- DATASET ENTRIES:
------------

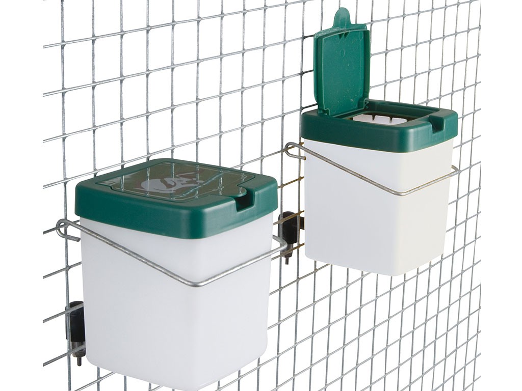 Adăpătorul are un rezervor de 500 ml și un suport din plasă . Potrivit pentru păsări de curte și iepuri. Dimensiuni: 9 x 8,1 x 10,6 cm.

------------

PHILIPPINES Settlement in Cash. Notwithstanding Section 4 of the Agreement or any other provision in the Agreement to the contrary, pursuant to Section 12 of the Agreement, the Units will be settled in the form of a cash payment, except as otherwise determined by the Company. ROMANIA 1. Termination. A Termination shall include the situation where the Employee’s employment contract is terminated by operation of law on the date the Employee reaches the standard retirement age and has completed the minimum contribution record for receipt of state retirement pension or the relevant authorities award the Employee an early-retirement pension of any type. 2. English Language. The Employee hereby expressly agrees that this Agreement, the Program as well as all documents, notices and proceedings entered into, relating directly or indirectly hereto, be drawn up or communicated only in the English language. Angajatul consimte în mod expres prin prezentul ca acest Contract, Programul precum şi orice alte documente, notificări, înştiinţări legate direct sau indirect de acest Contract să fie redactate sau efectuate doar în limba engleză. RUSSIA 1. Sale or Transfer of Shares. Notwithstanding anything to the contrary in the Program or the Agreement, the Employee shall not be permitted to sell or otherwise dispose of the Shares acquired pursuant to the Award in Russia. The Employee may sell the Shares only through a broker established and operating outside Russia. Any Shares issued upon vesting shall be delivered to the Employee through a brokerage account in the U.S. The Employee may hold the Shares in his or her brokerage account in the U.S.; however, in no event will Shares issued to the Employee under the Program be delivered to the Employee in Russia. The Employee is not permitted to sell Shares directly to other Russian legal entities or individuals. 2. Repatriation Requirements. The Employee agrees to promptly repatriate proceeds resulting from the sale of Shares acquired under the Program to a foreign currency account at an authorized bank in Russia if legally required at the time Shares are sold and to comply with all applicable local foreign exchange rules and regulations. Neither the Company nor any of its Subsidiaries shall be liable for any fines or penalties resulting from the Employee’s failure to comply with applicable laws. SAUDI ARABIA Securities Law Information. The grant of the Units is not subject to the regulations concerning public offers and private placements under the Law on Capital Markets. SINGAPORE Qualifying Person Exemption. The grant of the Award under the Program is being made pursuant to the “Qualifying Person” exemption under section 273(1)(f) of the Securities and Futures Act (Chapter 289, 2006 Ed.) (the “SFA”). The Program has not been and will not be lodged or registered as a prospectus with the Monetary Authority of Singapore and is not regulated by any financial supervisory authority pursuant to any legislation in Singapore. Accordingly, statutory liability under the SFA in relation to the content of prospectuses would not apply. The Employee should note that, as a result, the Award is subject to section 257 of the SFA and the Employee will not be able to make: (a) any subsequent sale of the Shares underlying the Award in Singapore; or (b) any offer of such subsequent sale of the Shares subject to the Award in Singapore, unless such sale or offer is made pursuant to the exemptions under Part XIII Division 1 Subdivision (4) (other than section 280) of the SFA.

------------

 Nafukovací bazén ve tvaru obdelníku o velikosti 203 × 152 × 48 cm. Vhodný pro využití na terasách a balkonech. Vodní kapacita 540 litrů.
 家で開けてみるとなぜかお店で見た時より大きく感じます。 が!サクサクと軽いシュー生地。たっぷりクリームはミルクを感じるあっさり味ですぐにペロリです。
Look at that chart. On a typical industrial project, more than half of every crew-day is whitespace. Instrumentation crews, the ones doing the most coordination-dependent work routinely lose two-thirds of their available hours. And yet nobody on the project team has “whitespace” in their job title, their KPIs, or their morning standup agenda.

------------

- WHAT THIS TASK INVOLVES:
Extract from the listing above the lines between the line containing "家で開けてみるとなぜかお店で" and the line containing "Look at that", keeping both of those lines. Output nothing else.

- ANSWER FOR THIS EXERCISE:
 家で開けてみるとなぜかお店で見た時より大きく感じます。 が!サクサクと軽いシュー生地。たっぷりクリームはミルクを感じるあっさり味ですぐにペロリです。
Look at that chart. On a typical industrial project, more than half of every crew-day is whitespace. Instrumentation crews, the ones doing the most coordination-dependent work routinely lose two-thirds of their available hours. And yet nobody on the project team has “whitespace” in their job title, their KPIs, or their morning standup agenda.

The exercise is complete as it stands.